[MATERIAL PROVIDED]
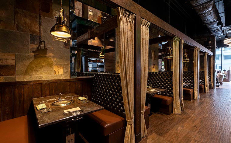 開放的な店内は、シックでモダンなデザイン。天井が高く開放感があり、ボックス席や半個室も完備されているため、少人数からグループまでゆったりと食事を楽しめます。入り口近くにはバーも併設されているので、快適な待ち時間を過ごせます。
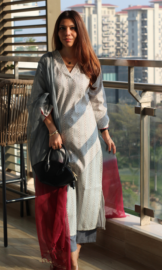 Cotton Orchid Block Printed Suit Set with Kota Doria Dupatta
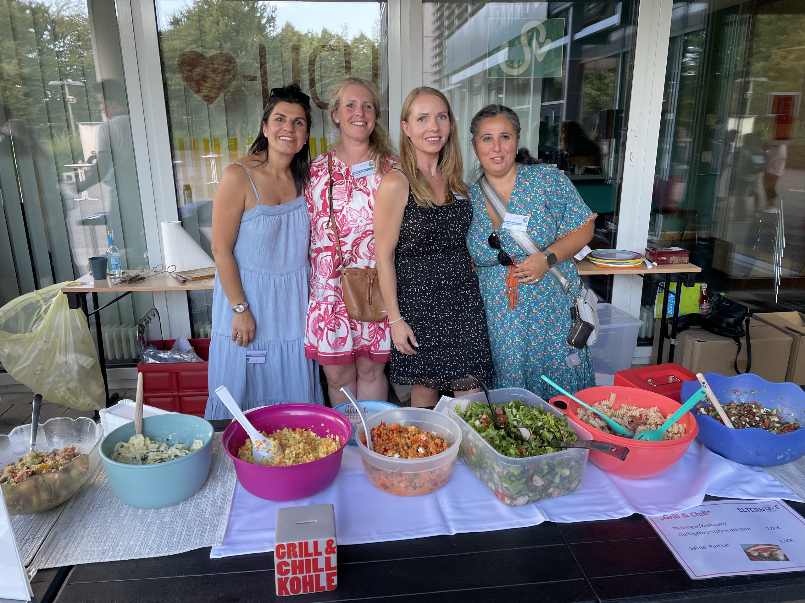 Drei Personen stehen vor einem modernen Gebäude, während eine weitere Person im Vordergrund mit grauen Haaren und einer Brille zu sehen ist. Im Hintergrund sind weitere Menschen und ein Grill zu erkennen. Es ist ein sonniger Tag. Eine Gruppe von Menschen steht an einem Tisch im Freien, um Essen zu servieren und zu genießen. Im Vordergrund sind eine Frau mit langen, lockigen Haaren und ein Junge zu sehen, die Teller mit verschiedenen Speisen halten. Weitere Personen stehen in einer Schlange und unterhalten sich. Die Szenerie wirkt freundlich und gesellig, mit einem modernen Gebäude im Hintergrund. Zwei Personen stehen neben einem Grill. Die Frau trägt ein schwarzes Kleid und hält eine Grillzange, während der Mann in einem hellen T-Shirt steht und ebenfalls eine Grillzange hält. Auf dem Grill sind Würstchen zu sehen. Im Hintergrund sind Fenster und eine Außenansicht eines Gebäudes erkennbar. Drei Schalen mit verschiedenen Salaten auf einem Tisch. Links eine Schale mit einem farbenfrohen, gekochten Salat, in der Mitte eine frische grüne Salatschale mit Tomaten und Radieschen, rechts eine Schale mit Nudelsalat. Ein Servierbesteck liegt in jeder Schale. Der Tisch ist mit einer weißen Tischdecke bedeckt. Vier Frauen stehen an einem Tisch, der mit bunten Schüsseln voller Salate und anderen Speisen gedeckt ist. Die Frauen lächeln in die Kamera und tragen sommerliche Kleidung. Im Hintergrund sind Bäume und ein Gebäude sichtbar. Ein dekoratives Tischtuch mit dem Schriftzug
[/MATERIAL PROVIDED]
EXERCISE INSTRUCTIONS. Output all of the data exactly. Skip the pictures.

TASK OUTPUT.
 開放的な店内は、シックでモダンなデザイン。天井が高く開放感があり、ボックス席や半個室も完備されているため、少人数からグループまでゆったりと食事を楽しめます。入り口近くにはバーも併設されているので、快適な待ち時間を過ごせます。
 Cotton Orchid Block Printed Suit Set with Kota Doria Dupatta
 Drei Personen stehen vor einem modernen Gebäude, während eine weitere Person im Vordergrund mit grauen Haaren und einer Brille zu sehen ist. Im Hintergrund sind weitere Menschen und ein Grill zu erkennen. Es ist ein sonniger Tag. Eine Gruppe von Menschen steht an einem Tisch im Freien, um Essen zu servieren und zu genießen. Im Vordergrund sind eine Frau mit langen, lockigen Haaren und ein Junge zu sehen, die Teller mit verschiedenen Speisen halten. Weitere Personen stehen in einer Schlange und unterhalten sich. Die Szenerie wirkt freundlich und gesellig, mit einem modernen Gebäude im Hintergrund. Zwei Personen stehen neben einem Grill. Die Frau trägt ein schwarzes Kleid und hält eine Grillzange, während der Mann in einem hellen T-Shirt steht und ebenfalls eine Grillzange hält. Auf dem Grill sind Würstchen zu sehen. Im Hintergrund sind Fenster und eine Außenansicht eines Gebäudes erkennbar. Drei Schalen mit verschiedenen Salaten auf einem Tisch. Links eine Schale mit einem farbenfrohen, gekochten Salat, in der Mitte eine frische grüne Salatschale mit Tomaten und Radieschen, rechts eine Schale mit Nudelsalat. Ein Servierbesteck liegt in jeder Schale. Der Tisch ist mit einer weißen Tischdecke bedeckt. Vier Frauen stehen an einem Tisch, der mit bunten Schüsseln voller Salate und anderen Speisen gedeckt ist. Die Frauen lächeln in die Kamera und tragen sommerliche Kleidung. Im Hintergrund sind Bäume und ein Gebäude sichtbar. Ein dekoratives Tischtuch mit dem Schriftzug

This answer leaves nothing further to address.